Overview of the memory squeezer
This was converted to markdown from squeezer.tex. It is not clear how much of this document is still relevant and/or already present in the other docs.
summary
ballooning is a per-domain operation; not a per-VM operation. A VM may be represented by multiple domains (currently localhost migrate, in the future stubdomains)
most free host memory is divided up between running domains proportionally, so they all end up with the same value of ratio
where ratio(domain) =
if domain.dynamic_max - domain.dynamic_min = 0
then 0
else (domain.target - domain.dynamic_min)

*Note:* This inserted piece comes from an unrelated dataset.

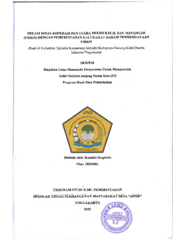 Scopindo, Ronaldo (2024) RELASI DINAS KOPERASI DAN USAHA MIKRO KECIL DAN MENENGAH (UMKM) DENGAN PEMERINTAHAN KALURAHAN DALAM PEMBERDAYAAN UMKM (Studi di Kalurahan Nglindur Kapanewon Girisubo Kabupaten Gunung Kidul Daerah Istimewa Yogyakarta). Sarjana thesis, Sekolah Tinggi Pembangunan Masyarakat Desa STPMD "APMD".

/ (domain.dynamic_max - domain.dynamic_min)
Assumptions
all memory values are stored and processed in units of KiB
the squeezing algorithm doesn’t know about host or VM overheads but this doesn’t matter because
the squeezer assumes that any free host memory can be allocated to running domains and this will be directly reflected in their memory_actual i.e. if x KiB is free on the host we can tell a guest to use x KiB and see the host memory goes to 0 and the guest’s memory_actual increase by x KiB. We assume that no-extra ’overhead’ is required in this operation (all overheads are functions of static_max only)
Definitions
domain: an object representing a xen domain
domain.domid: unique identifier of the domain on the host
domaininfo(domain): a function which returns live per-domain information from xen (in real-life a hypercall)
a domain is said to “have never run” if never_been_run(domain)

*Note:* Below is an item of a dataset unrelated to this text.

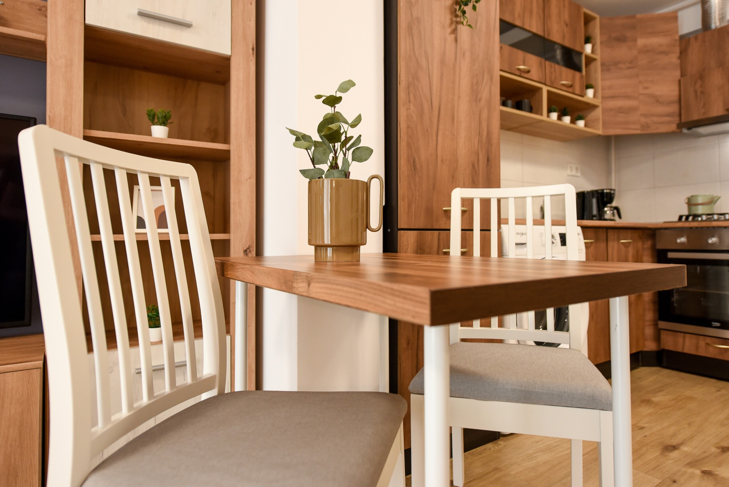 The home has been recently renovated, therefore the finishes are high quality, the amenities extensive, and the overall interior design extremely tasteful. The wooden details combined with refined tones of grey, offer an elegant touch, and the pleny natural ligth completes with the cozyness.

where never_been_run(domain) = domaininfo(domain).paused and not domaininfo(domain).shutdown and domaininfo(domain).cpu_time = 0
xenstore-read(path): a function which returns the value associated with ’path’ in xenstore
domain.initial_reservation: used to associate freshly freed memory with a new domain which is being built or restored
domain.initial_reservation = xenstore-read(/local/domain/<domain.domid>/memory/initial-reservation)

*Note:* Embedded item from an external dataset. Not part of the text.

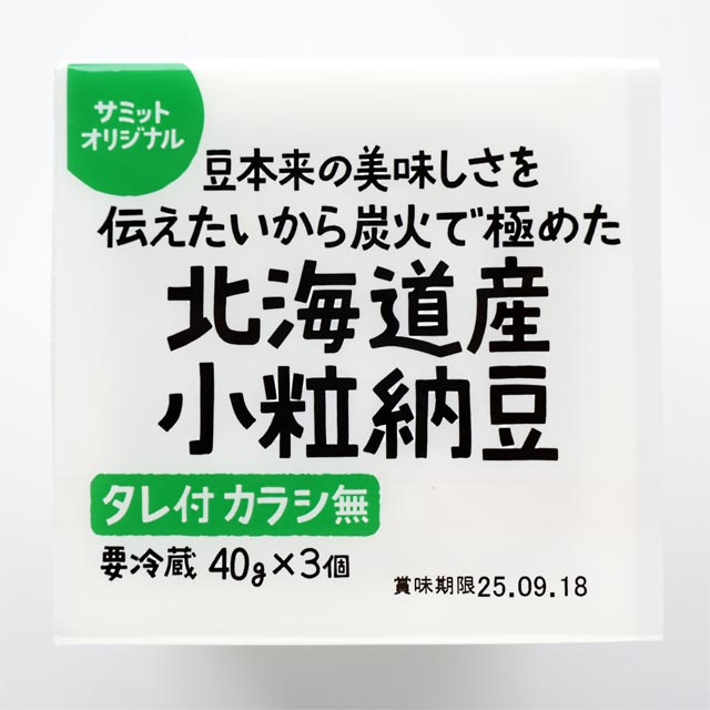 | 北海道の北竜 北竜地方の黒千石を使用 | 100%北海道大粒 確かに歯ごたえもっちリ | 北海道産小粒納豆 サミットオリジナル商品 | 明太子納豆 やまやとのダブルブランド |

domain.target: represents what we think the balloon target currently is
domain.target = if never_been_run(domain) then xenstore-read(/local/domain/<domain.domid>/memory/target) else domain.initial_reservation
domain.dynamic_min: represents what we think the dynamic_min currently is
domain.dynamic_min = if never_been_run(domain) then xenstore-read(/local/domain/<domain.domid>/memory/dynamic_min) else domain.initial_reservation
domain.dynamic_max: represents what we think the dynamic_max currently is
domain.dynamic_max = if never_been_run(domain) then xenstore-read(/local/domain/<domain.domid>/memory/dynamic_max) else domain.initial_reservation
domain.memory_actual: represents the memory we think the guest is using (doesn’t take overheads like shadow into account)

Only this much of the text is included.